Exercise aim -
Retype the records below from their first line through the line holding "Over the years, Schiller", including both ends and no pictures.

Given information -
[Start of section]

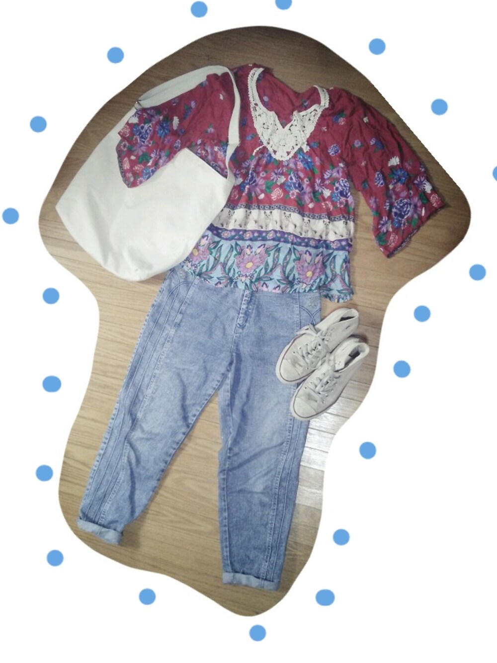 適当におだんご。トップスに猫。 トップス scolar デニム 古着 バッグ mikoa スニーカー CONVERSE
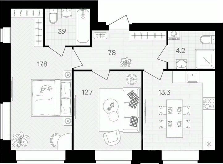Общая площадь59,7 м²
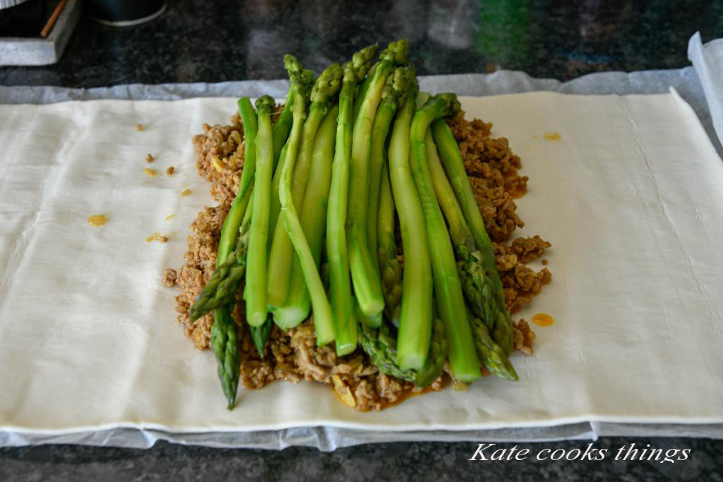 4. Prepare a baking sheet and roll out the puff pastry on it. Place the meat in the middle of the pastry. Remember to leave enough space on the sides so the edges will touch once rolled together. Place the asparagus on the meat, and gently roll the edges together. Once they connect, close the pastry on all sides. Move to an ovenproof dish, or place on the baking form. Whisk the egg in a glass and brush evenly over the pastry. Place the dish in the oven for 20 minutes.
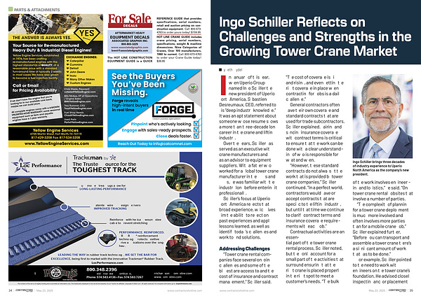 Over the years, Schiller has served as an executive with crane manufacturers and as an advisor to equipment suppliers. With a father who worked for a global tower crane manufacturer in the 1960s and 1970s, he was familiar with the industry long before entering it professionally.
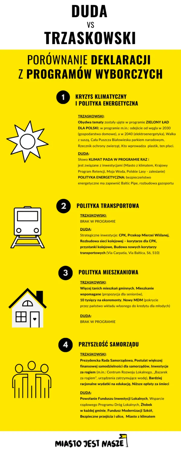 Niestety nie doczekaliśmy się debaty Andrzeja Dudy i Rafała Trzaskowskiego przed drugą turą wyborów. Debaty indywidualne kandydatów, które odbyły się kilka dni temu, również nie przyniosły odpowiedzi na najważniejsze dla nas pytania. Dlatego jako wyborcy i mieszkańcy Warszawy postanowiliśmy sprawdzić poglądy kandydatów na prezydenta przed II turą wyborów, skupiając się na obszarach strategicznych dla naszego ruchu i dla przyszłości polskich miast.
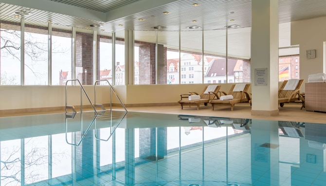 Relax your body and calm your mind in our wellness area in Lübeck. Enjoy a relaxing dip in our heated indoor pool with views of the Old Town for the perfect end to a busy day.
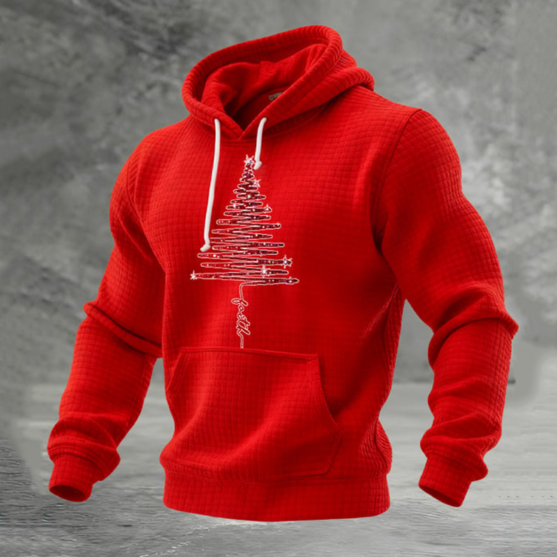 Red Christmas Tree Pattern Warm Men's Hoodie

[End of section]

Result -
 適当におだんご。トップスに猫。 トップス scolar デニム 古着 バッグ mikoa スニーカー CONVERSE
Общая площадь59,7 м²
 4. Prepare a baking sheet and roll out the puff pastry on it. Place the meat in the middle of the pastry. Remember to leave enough space on the sides so the edges will touch once rolled together. Place the asparagus on the meat, and gently roll the edges together. Once they connect, close the pastry on all sides. Move to an ovenproof dish, or place on the baking form. Whisk the egg in a glass and brush evenly over the pastry. Place the dish in the oven for 20 minutes.
 Over the years, Schiller has served as an executive with crane manufacturers and as an advisor to equipment suppliers. With a father who worked for a global tower crane manufacturer in the 1960s and 1970s, he was familiar with the industry long before entering it professionally.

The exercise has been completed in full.